この本は企業に勤める課長以上の人に是非、読んで欲しい内容です。共感できる内容ばかりでした。松田さんは自分の経験から、リーダーや社長になる人は、リーダーになろうとするのではなく、周りから押されてリーダーになるのが理想と述べられています。周りから押されるためには、人間力を高めることが大切とのこと。地位があがっても傲らない、常に謙虚に、部下や現場が仕事しやすいように全力を尽くすことが大切だと考えています。これは簡単そうで、難しいです。なんちゃって優秀な人は、自分が優秀だからリーダーになったとおおかれ少なかれ勘違いしますから。男はプライド高いですからね。
しかし、岩田さんは自分で優秀ではないと謙遜していますが、海外でMBAも取得し、外資系コンサルに勤めるぐらいだから普通に優秀なんだと思います。でもそれを鼻にかけないで謙虚に仕事してきたから、周囲をついてきてくれたんでしょうね。
本の内容は共感できることばかりでしたが、特に印象に残ったの3点です。
「人を動かすより、まず自分を動かせ」
リーダーや管理者は人を動かして成果を出すのが役割だと言われます。まさにその通りなのですが、権力で人を動かすのか、人が動いてくれるのかでは大きな差があります。岩田さんは自分が率先して動くことで、周囲もついてきてくれると話しています。その通りなのですが、地位やポジションがあがると勘違いする人は多いですね。
「飲みにいかなくても、本音が聞ける関係をつくる」
岩田さんは大事な話だからこそ、お酒の力を借りず、しらふの場で本音が聞けるような関係をつくることが大切だと述べています。
私は飲みにいくのは好きですが、部下とはこちらから誘って飲みにはいきません。私の場合は昼間も仕事で一緒なのに夜まで上司に付き合わされたら部下は気が休まらないと考えているからです。あとは岩田さんと同じで、しらふでしっかり話せる関係を部下と構築するのが重要だと思っているからです。
「評価は上 横 下の全方位から見て下す」
部下の評価は難しいと岩田さんは語ります。

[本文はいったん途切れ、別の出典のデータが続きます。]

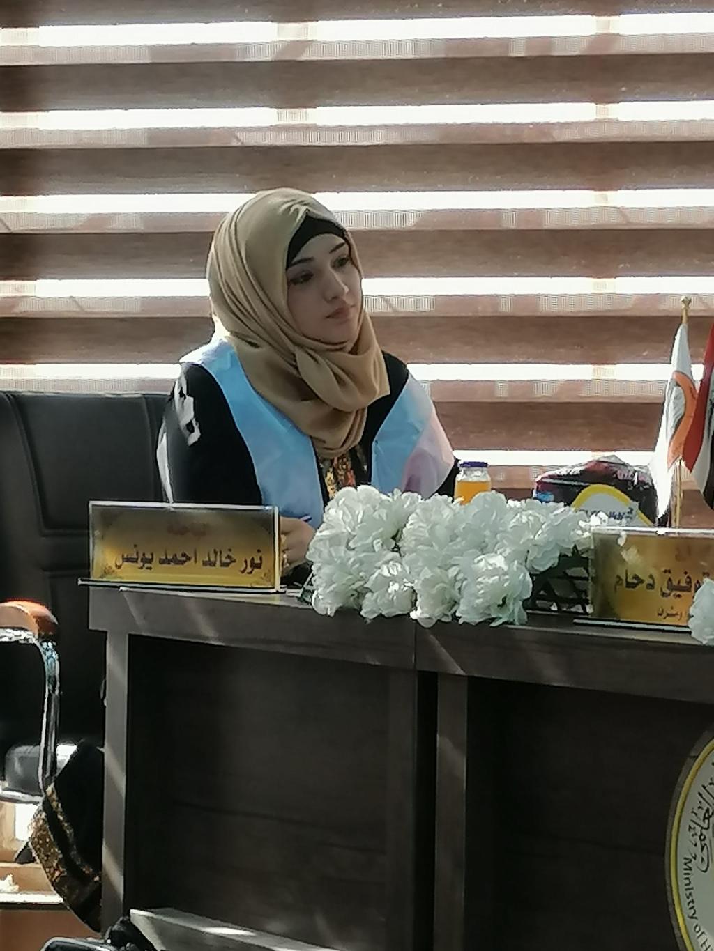 ناقش قسم اللغة العربية رسالة الماجستير الموسومة بـ(اقتران همزة الاستفهام بالنفي في القرآن الكريم – دراسة دلالية)، وذلك يوم الأربعاء الموافق ٢٩ أيلول ٢٠٢١، وقد تناولت الطالبة (نور خالد أحمد يونس) فيرسالتها ظاهرة محددة في القرآن الكريم وهي دخول همزة الاستفهام على ادوات النفي (لم ، لن ، لا، ليس) ، وهي ظاهرة اختصت بها الهمزة (أم الباب) دون سائر أخواتها من أدوات الاستفهام الاخرى و يهدف البحث الى: كشف القضايا الجمالية لاقتران الاستفهام (الهمزة) بالنفي من حيث الاغراض البلاغية التي تخرج من الحقيقة الى المجاز والتعرف على ما ينطوي تحتها من دلالات خفية ومعانٍ مختلفة ، وشرح المعاني البلاغية لهمزات الاستفهام و يخرجها من اكمامها الاصطلاحية فتبين معنى التقرير والانكار والتعجب والتقريع والسخرية والاستهزاء و هكذا بقية المعاني .واقتضت طبيعة البحث اعتماد المنهج القائم على التحليل والبلاغة ، والاحصاء في تناول آيات القرآن الكريم .وقد جاء البحث في مقدمة وتمهيد وثلاثة فصول ، تحدثت في المقدمة عن سبب اختياري هذا الموضوع و خطة البحث ، وتحدثت في التمهيد عن مصطلحات ( بين يدي الرسالة) ، و خصصت الفصل الاول للحديث عن الاستفهام المنفي بـ(لم ، لن ) ، كما خصصت الفصل الثاني لدراسة الاستفهام المنفي بـ(لا) ، وتحدثت في الفصل الثالث عن الاستفهام المنفي بـ(ليس) .و تألفت لجنة المناقشة من الأساتذة :1. أ.د. محمد ذنون يونس …..رئيسا2. أ.د. مازن موفق صديق …..عضوا3. أ.م. د. منير محمد دحام …..عضوا4. أ.د. معن توفيق دحام …عضوا ومشرفاوبعد مناقشة مستفيضة اجيزت الرسالة بتقدير جيد جدا عالمبارك للطالبة ومشرفها وقسم اللغة العربية خصوصا وكلية التربية للبنات عموما هذا المنجز العلمي المتميز

なぜなら自分のポジションがあがればあがるほど部下の本当の姿が見えなくなるから。実際、上にばかりいい顔をするという人が存在します。なのに部下にはひどい対応をしたりしている。岩田さんはご自身の経験で、上にゴマをする人は、下にもゴマをすらせる傾向があると語ります。つまり、上には腰低く対応するけど、部下の前ではふんぞり返って偉そうにするとのことです。そこで岩田さんは自分で部下の評価をするときは、部下の部下の意見を聞くようしたそうです。または自分の同僚に部下の評判を聞くそうです。
部下の部下の意見まで聞ける人はなかなかいないですね。そもそも部下の部下が本音で話してくれるような人間性を岩田さんが持っていないと、この試みは機能しないですからね。管理職はどうしても自分に懐いてくれる部下を評価しがちです。岩田さんのような優れた社長がいればいいですが、普通の組織では稀ですね。だとすると、会社として多面評価するような仕組みがないと厳しいですね。
この本は、難しいことは何一つ書いてありません。でも実際の企業の中で実践するには本人の自助努力が求めれます。簡単なことを継続するのが一番難しいかもしれませんね。良い本でした。